=== Task description ===
Using the records below, output the stretch that opens with the line containing "Brian D. Wisenden" and closes with the line containing "No large quantities", exactly and including both lines, with nothing more.

----- The input -----

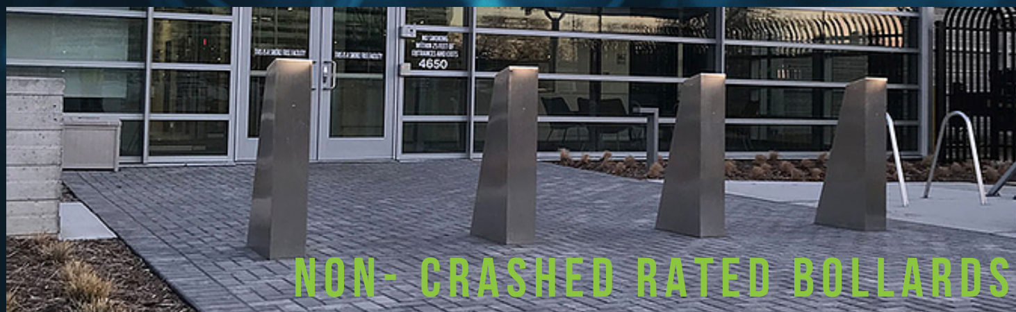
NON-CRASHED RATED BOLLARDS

-----
----- The input -----

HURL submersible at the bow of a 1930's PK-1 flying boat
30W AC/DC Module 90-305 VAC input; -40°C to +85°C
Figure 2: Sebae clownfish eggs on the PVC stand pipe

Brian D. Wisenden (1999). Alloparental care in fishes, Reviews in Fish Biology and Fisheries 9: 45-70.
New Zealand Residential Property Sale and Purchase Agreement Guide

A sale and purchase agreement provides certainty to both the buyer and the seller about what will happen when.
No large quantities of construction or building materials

-----
----- The input -----

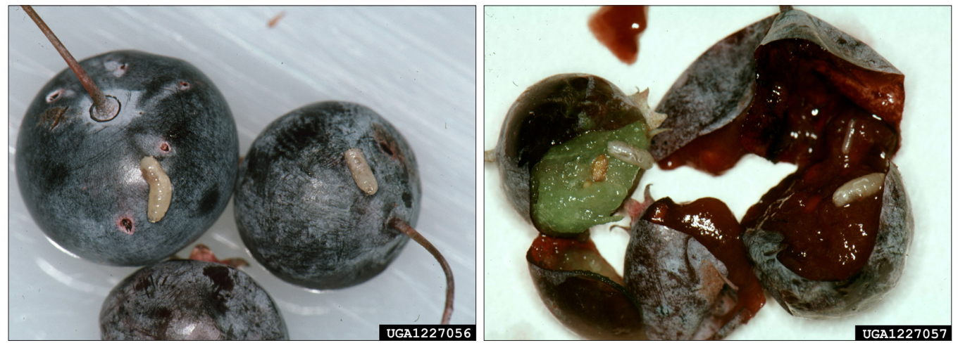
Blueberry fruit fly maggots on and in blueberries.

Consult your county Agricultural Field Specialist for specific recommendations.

-----

=== Exercise output ===
Brian D. Wisenden (1999). Alloparental care in fishes, Reviews in Fish Biology and Fisheries 9: 45-70.
New Zealand Residential Property Sale and Purchase Agreement Guide

A sale and purchase agreement provides certainty to both the buyer and the seller about what will happen when.
No large quantities of construction or building materials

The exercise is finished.